Fig. 3 Concentration of ethanol produced via one-pot procedure with or without [C2mim]OAc/OE2imC3C. IL: ionic liquid, ZI: zwitterion. This Figure is reproduced from the literature4.

5. Disadvantage of OE2imC3C and how to overcome

OE2imC3C is an excellent low-toxicity cellulose solvent. However, its high viscosity is a drawback. At room temperature, OE2imC3C is a highly viscous liquid, more than syrup. Its viscosity at 80°C was 935 cP, about 1000 times higher than that of water at room temperature. The viscosity increased further when cellulose was dissolved, and the stirring bar stopped turning when 7 wt% cellulose was added.

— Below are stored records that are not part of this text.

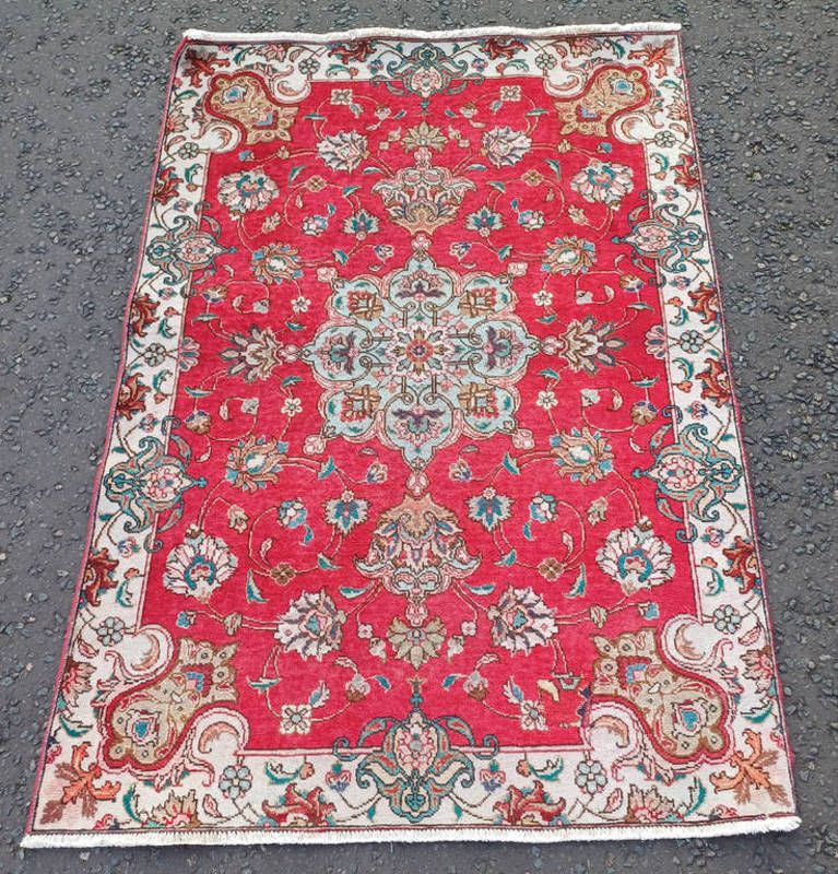 Multicoloured persian tabriz carpet with central medallion design 315 x 182cm
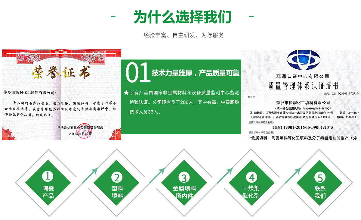 萍鄉市松潤化工填料有限公司位于江西省萍鄉市國家經濟開發區西區,是專業生產、經營陶瓷、聚丙烯、金屬填料、塔內件、水處理濾板、濾管、濾料、瓷球、分子篩、催化劑、活性炭、蜂窩陶瓷、瓷質耐磨托輥等系列產品的民營企業。所有產品由國家非金屬材料和設備質量監測中心監測檢驗認證。公司現有員工280人,其中有高、中級職稱技術人員36人。工藝先進,技術力量雄厚,產品質量可靠,配...
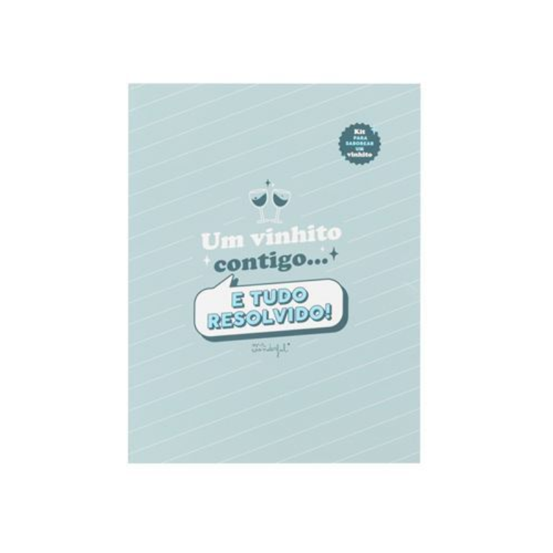 O Kit de Vinho Mr. Wonderful – “Um Vinhito Contigo… E Tudo Resolvido!” traz charme, humor e funcionalidade num só conjunto. Composto por acessórios essenciais para saborear um bom vinho, este kit vem embalado numa elegante caixa em forma de garrafa com uma mensagem divertida e original – perfeita para oferecer a alguém especial… ou para ti mesmo!
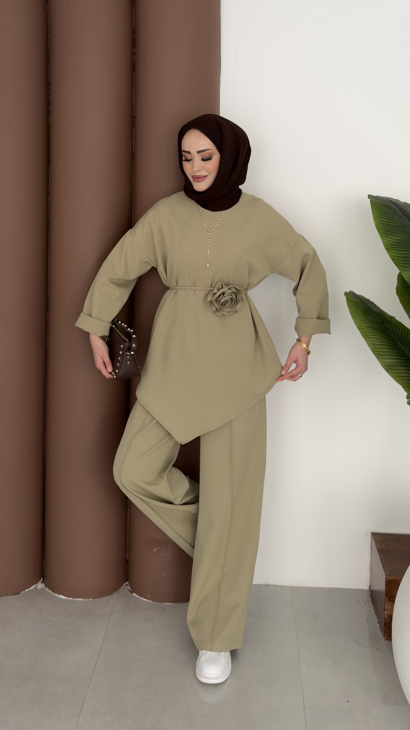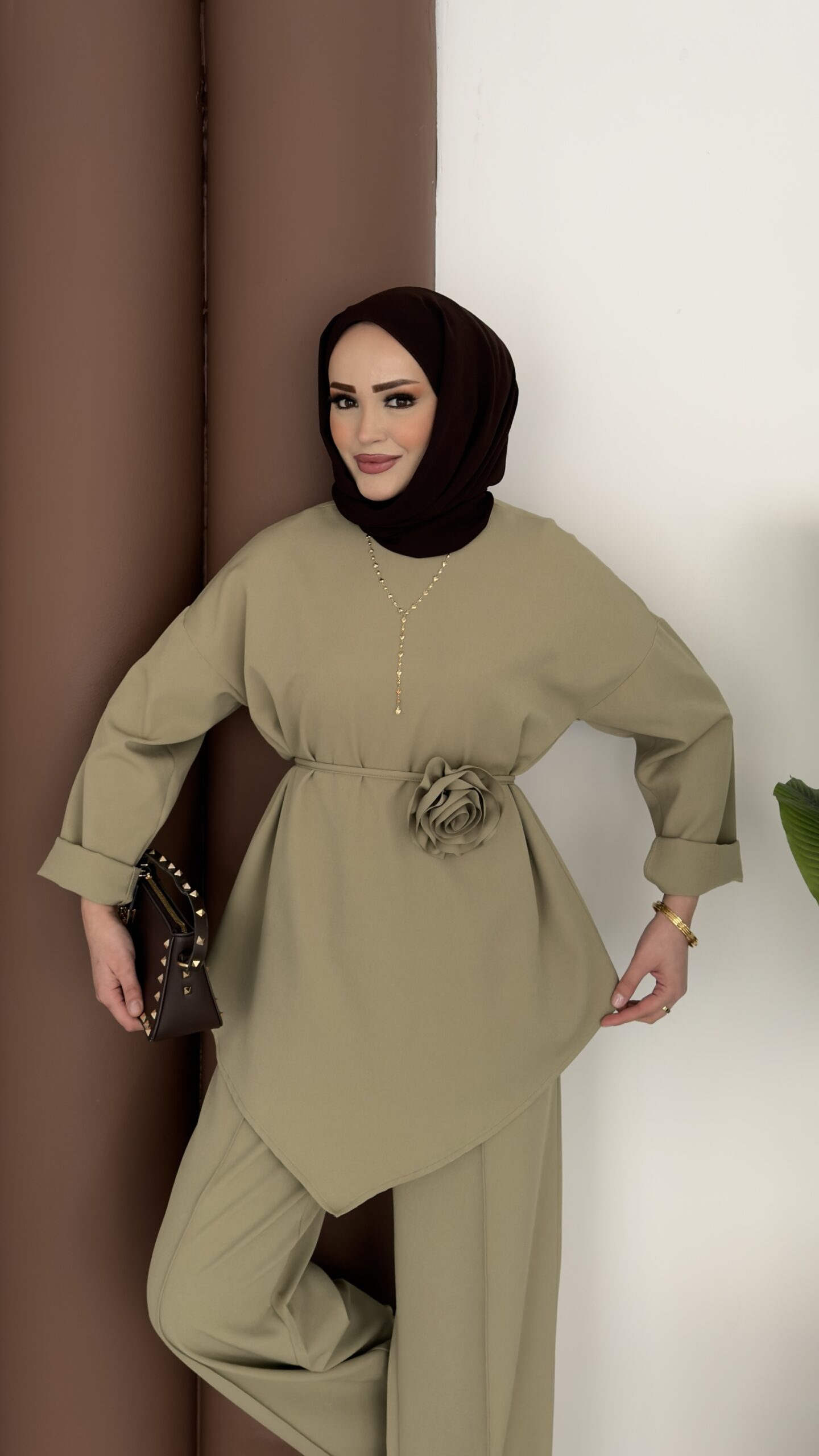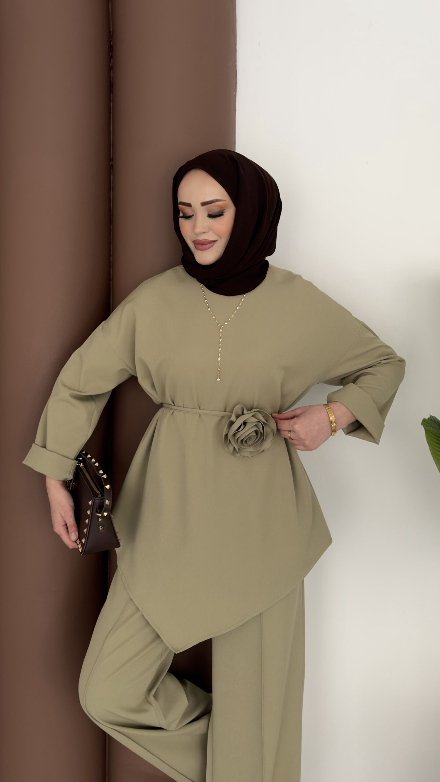 Anvelop Güllü Dabıl İkili Takım – Yağyeşil

To address this issue, a co-solvent was utilized. It is known that the addition of an organic solvent to typical ionic liquids can reduce viscosity and facilitate the dissolution of cellulose9. In this case, dimethyl sulfoxide (DMSO) was used. The viscosity was significantly reduced by adding 40 wt% DMSO, which allowed for the dissolution of 14 wt% of cellulose. The OE2imC3C/DMSO mixture was also found to have low toxicity. These results indicate that the cellulose dissolution capacity was improved with the addition of DMSO, without an increase in toxicity8.

6. Conclusion

Zwitterionic liquids are effective solvents that possess the properties of cellulose solubility and low toxicity. Since they have a short history, there is still room for improvement. We will propose further improved zwitterionic ionic liquids for achievement of one-pot bioethanol production.